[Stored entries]
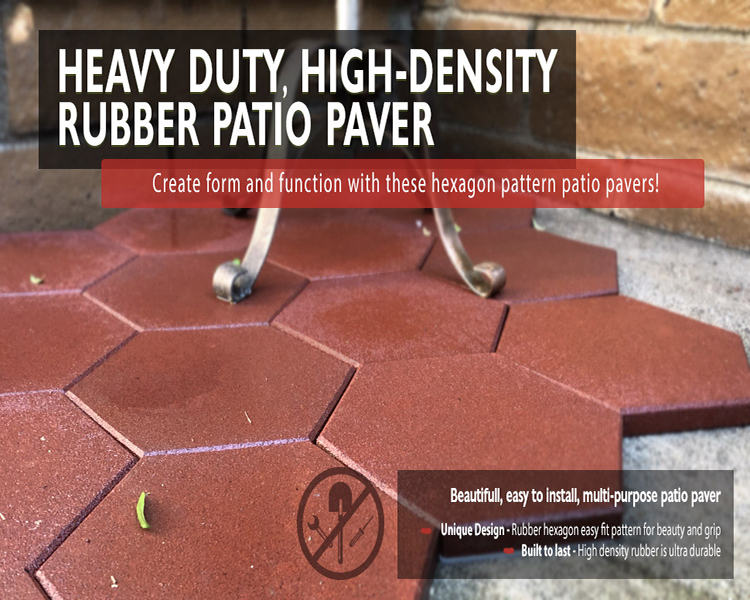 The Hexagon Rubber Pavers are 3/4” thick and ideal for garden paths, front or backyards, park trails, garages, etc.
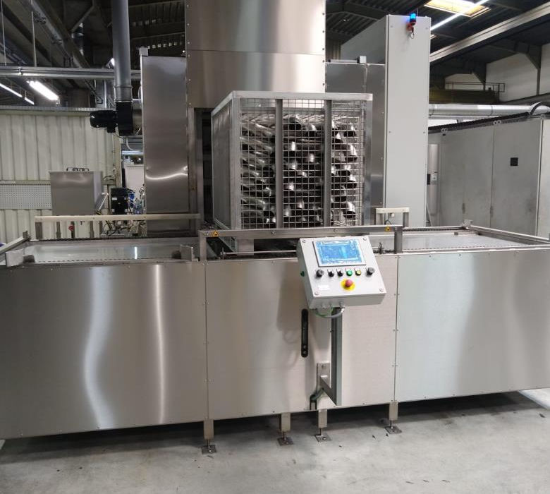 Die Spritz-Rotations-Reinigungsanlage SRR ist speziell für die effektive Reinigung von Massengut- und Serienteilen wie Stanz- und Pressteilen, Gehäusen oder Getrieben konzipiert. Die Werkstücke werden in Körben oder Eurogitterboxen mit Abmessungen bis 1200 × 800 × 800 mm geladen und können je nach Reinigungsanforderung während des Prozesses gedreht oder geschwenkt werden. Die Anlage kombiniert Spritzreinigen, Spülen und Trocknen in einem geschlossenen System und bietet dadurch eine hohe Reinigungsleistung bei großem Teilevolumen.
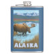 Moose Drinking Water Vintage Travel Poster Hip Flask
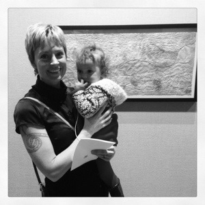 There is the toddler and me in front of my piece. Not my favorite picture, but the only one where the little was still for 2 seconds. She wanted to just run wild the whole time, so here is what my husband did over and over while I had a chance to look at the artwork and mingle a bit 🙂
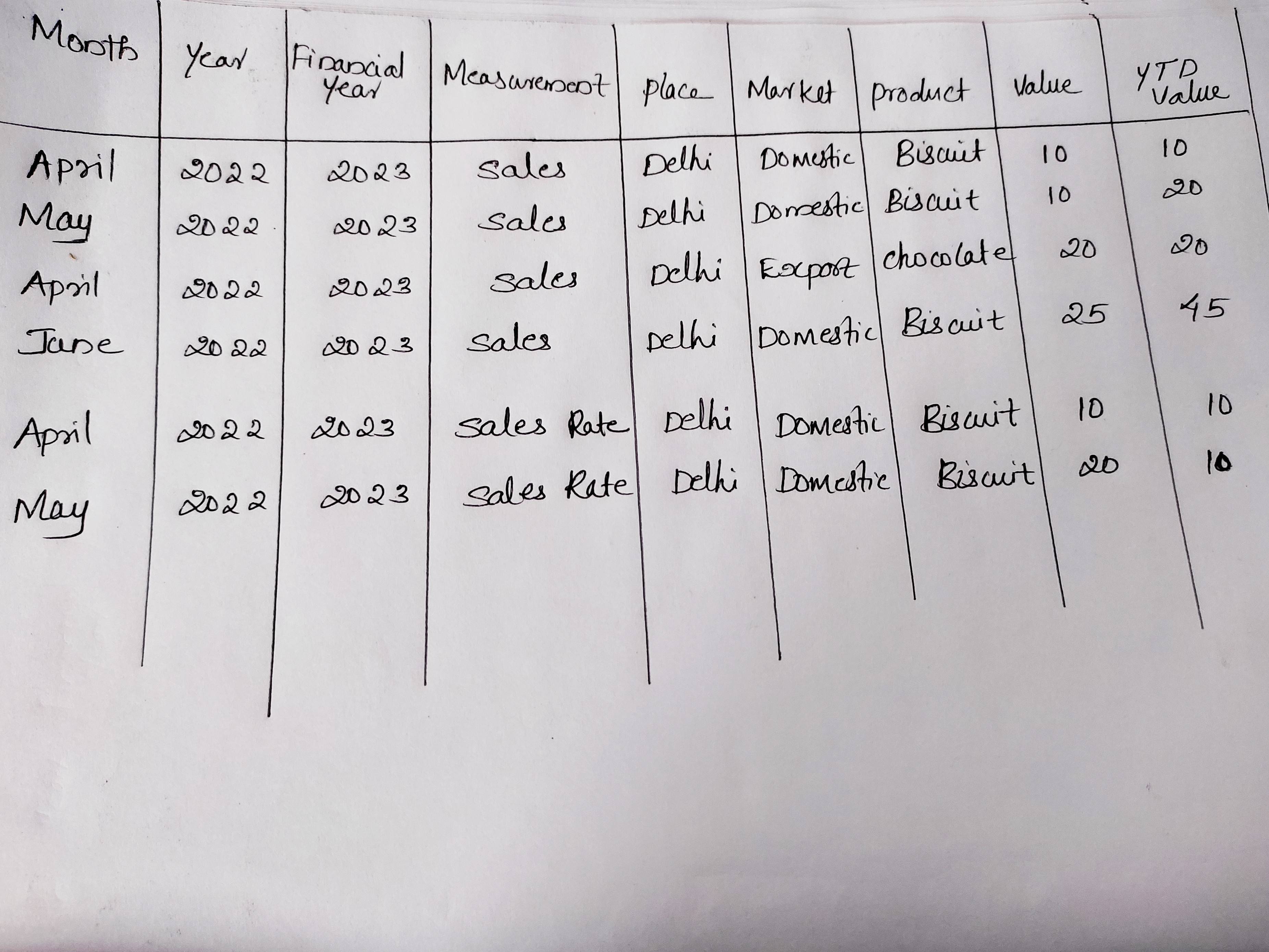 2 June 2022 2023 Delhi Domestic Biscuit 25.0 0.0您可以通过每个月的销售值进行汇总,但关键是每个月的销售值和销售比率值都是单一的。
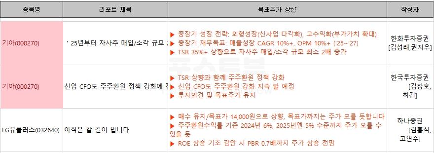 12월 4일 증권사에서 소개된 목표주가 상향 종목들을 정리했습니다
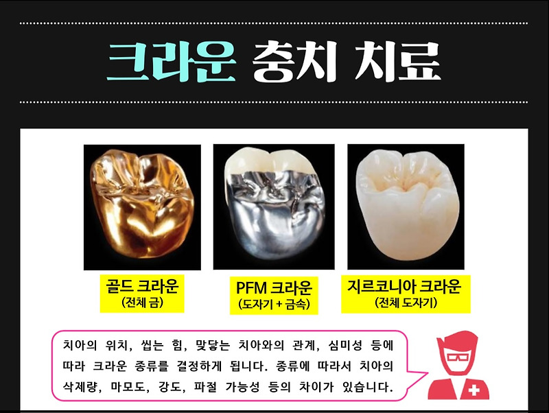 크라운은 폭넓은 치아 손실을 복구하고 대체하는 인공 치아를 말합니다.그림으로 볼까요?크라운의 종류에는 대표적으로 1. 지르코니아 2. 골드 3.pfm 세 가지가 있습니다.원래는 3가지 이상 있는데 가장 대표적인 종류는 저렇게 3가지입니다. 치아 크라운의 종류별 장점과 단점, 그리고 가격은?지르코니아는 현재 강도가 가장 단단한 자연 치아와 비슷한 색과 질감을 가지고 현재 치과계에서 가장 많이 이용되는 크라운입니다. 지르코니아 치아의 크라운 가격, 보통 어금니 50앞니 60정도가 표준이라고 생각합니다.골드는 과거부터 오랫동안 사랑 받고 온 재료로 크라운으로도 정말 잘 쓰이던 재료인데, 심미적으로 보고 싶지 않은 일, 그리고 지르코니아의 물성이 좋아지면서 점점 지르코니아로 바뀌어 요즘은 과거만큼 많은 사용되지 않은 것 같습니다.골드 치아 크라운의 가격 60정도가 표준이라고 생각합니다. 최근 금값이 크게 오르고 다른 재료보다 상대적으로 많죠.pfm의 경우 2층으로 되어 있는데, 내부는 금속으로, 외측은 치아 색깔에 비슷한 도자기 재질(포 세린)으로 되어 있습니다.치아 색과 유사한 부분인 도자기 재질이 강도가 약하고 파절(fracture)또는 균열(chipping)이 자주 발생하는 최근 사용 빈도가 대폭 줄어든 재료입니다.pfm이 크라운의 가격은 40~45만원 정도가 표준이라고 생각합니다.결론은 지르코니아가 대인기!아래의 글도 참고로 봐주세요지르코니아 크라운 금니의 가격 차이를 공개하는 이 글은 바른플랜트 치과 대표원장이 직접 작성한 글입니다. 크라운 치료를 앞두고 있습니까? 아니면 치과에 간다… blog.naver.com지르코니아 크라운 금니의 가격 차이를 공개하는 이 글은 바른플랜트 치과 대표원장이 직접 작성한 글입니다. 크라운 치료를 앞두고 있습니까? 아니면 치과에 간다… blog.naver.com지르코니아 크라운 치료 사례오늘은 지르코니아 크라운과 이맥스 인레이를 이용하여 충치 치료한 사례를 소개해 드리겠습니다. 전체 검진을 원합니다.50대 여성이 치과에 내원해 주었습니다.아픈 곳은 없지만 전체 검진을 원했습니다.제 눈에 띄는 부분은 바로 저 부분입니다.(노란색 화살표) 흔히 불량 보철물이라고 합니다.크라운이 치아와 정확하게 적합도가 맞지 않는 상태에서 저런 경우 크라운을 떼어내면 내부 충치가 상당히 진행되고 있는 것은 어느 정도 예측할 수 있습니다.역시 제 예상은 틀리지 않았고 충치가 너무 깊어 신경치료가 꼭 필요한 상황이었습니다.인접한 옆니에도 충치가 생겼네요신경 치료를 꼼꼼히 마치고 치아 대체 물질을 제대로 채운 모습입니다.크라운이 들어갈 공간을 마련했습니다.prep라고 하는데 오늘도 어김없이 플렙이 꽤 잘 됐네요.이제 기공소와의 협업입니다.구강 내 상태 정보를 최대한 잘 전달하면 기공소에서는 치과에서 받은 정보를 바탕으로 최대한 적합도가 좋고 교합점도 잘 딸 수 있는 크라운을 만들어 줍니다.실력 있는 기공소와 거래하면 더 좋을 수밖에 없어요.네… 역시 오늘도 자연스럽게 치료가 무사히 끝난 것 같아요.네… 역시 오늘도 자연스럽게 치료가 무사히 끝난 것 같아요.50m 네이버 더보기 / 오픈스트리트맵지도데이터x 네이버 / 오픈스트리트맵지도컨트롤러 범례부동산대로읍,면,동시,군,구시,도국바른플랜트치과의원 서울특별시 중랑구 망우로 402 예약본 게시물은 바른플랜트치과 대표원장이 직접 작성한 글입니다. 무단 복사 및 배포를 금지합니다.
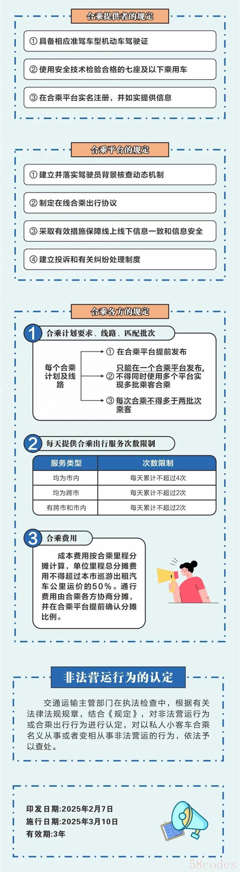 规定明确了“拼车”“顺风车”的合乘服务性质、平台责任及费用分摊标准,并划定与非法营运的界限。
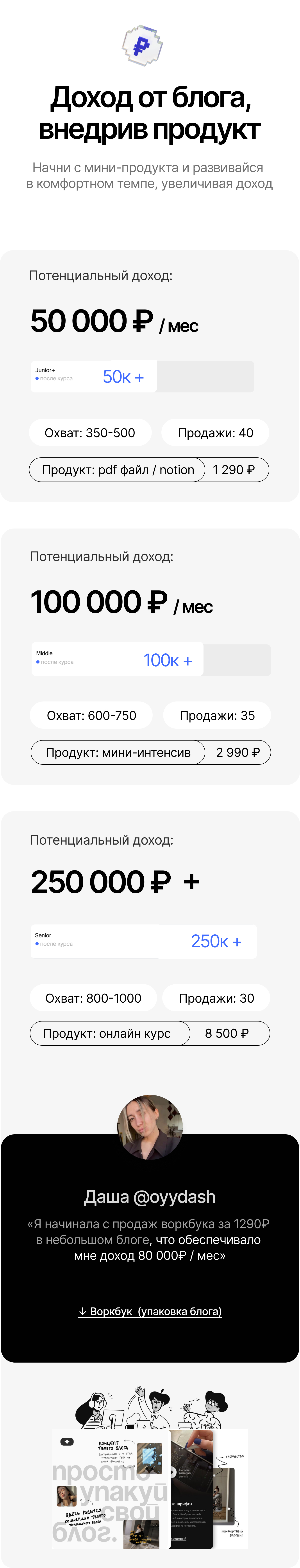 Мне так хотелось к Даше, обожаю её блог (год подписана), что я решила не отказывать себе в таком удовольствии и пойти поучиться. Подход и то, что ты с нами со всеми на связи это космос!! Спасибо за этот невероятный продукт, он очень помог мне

> [TASK DESCRIPTION] Give back the records exactly, minus any pictures.

> [ANSWER TO THE EXERCISE]
 The Hexagon Rubber Pavers are 3/4” thick and ideal for garden paths, front or backyards, park trails, garages, etc.
 Die Spritz-Rotations-Reinigungsanlage SRR ist speziell für die effektive Reinigung von Massengut- und Serienteilen wie Stanz- und Pressteilen, Gehäusen oder Getrieben konzipiert. Die Werkstücke werden in Körben oder Eurogitterboxen mit Abmessungen bis 1200 × 800 × 800 mm geladen und können je nach Reinigungsanforderung während des Prozesses gedreht oder geschwenkt werden. Die Anlage kombiniert Spritzreinigen, Spülen und Trocknen in einem geschlossenen System und bietet dadurch eine hohe Reinigungsleistung bei großem Teilevolumen.
 Moose Drinking Water Vintage Travel Poster Hip Flask
 There is the toddler and me in front of my piece. Not my favorite picture, but the only one where the little was still for 2 seconds. She wanted to just run wild the whole time, so here is what my husband did over and over while I had a chance to look at the artwork and mingle a bit 🙂
 2 June 2022 2023 Delhi Domestic Biscuit 25.0 0.0您可以通过每个月的销售值进行汇总,但关键是每个月的销售值和销售比率值都是单一的。
 12월 4일 증권사에서 소개된 목표주가 상향 종목들을 정리했습니다
 크라운은 폭넓은 치아 손실을 복구하고 대체하는 인공 치아를 말합니다.그림으로 볼까요?크라운의 종류에는 대표적으로 1. 지르코니아 2. 골드 3.pfm 세 가지가 있습니다.원래는 3가지 이상 있는데 가장 대표적인 종류는 저렇게 3가지입니다. 치아 크라운의 종류별 장점과 단점, 그리고 가격은?지르코니아는 현재 강도가 가장 단단한 자연 치아와 비슷한 색과 질감을 가지고 현재 치과계에서 가장 많이 이용되는 크라운입니다. 지르코니아 치아의 크라운 가격, 보통 어금니 50앞니 60정도가 표준이라고 생각합니다.골드는 과거부터 오랫동안 사랑 받고 온 재료로 크라운으로도 정말 잘 쓰이던 재료인데, 심미적으로 보고 싶지 않은 일, 그리고 지르코니아의 물성이 좋아지면서 점점 지르코니아로 바뀌어 요즘은 과거만큼 많은 사용되지 않은 것 같습니다.골드 치아 크라운의 가격 60정도가 표준이라고 생각합니다. 최근 금값이 크게 오르고 다른 재료보다 상대적으로 많죠.pfm의 경우 2층으로 되어 있는데, 내부는 금속으로, 외측은 치아 색깔에 비슷한 도자기 재질(포 세린)으로 되어 있습니다.치아 색과 유사한 부분인 도자기 재질이 강도가 약하고 파절(fracture)또는 균열(chipping)이 자주 발생하는 최근 사용 빈도가 대폭 줄어든 재료입니다.pfm이 크라운의 가격은 40~45만원 정도가 표준이라고 생각합니다.결론은 지르코니아가 대인기!아래의 글도 참고로 봐주세요지르코니아 크라운 금니의 가격 차이를 공개하는 이 글은 바른플랜트 치과 대표원장이 직접 작성한 글입니다. 크라운 치료를 앞두고 있습니까? 아니면 치과에 간다… blog.naver.com지르코니아 크라운 금니의 가격 차이를 공개하는 이 글은 바른플랜트 치과 대표원장이 직접 작성한 글입니다. 크라운 치료를 앞두고 있습니까? 아니면 치과에 간다… blog.naver.com지르코니아 크라운 치료 사례오늘은 지르코니아 크라운과 이맥스 인레이를 이용하여 충치 치료한 사례를 소개해 드리겠습니다. 전체 검진을 원합니다.50대 여성이 치과에 내원해 주었습니다.아픈 곳은 없지만 전체 검진을 원했습니다.제 눈에 띄는 부분은 바로 저 부분입니다.(노란색 화살표) 흔히 불량 보철물이라고 합니다.크라운이 치아와 정확하게 적합도가 맞지 않는 상태에서 저런 경우 크라운을 떼어내면 내부 충치가 상당히 진행되고 있는 것은 어느 정도 예측할 수 있습니다.역시 제 예상은 틀리지 않았고 충치가 너무 깊어 신경치료가 꼭 필요한 상황이었습니다.인접한 옆니에도 충치가 생겼네요신경 치료를 꼼꼼히 마치고 치아 대체 물질을 제대로 채운 모습입니다.크라운이 들어갈 공간을 마련했습니다.prep라고 하는데 오늘도 어김없이 플렙이 꽤 잘 됐네요.이제 기공소와의 협업입니다.구강 내 상태 정보를 최대한 잘 전달하면 기공소에서는 치과에서 받은 정보를 바탕으로 최대한 적합도가 좋고 교합점도 잘 딸 수 있는 크라운을 만들어 줍니다.실력 있는 기공소와 거래하면 더 좋을 수밖에 없어요.네… 역시 오늘도 자연스럽게 치료가 무사히 끝난 것 같아요.네… 역시 오늘도 자연스럽게 치료가 무사히 끝난 것 같아요.50m 네이버 더보기 / 오픈스트리트맵지도데이터x 네이버 / 오픈스트리트맵지도컨트롤러 범례부동산대로읍,면,동시,군,구시,도국바른플랜트치과의원 서울특별시 중랑구 망우로 402 예약본 게시물은 바른플랜트치과 대표원장이 직접 작성한 글입니다. 무단 복사 및 배포를 금지합니다.
 规定明确了“拼车”“顺风车”的合乘服务性质、平台责任及费用分摊标准,并划定与非法营运的界限。
 Мне так хотелось к Даше, обожаю её блог (год подписана), что я решила не отказывать себе в таком удовольствии и пойти поучиться. Подход и то, что ты с нами со всеми на связи это космос!! Спасибо за этот невероятный продукт, он очень помог мне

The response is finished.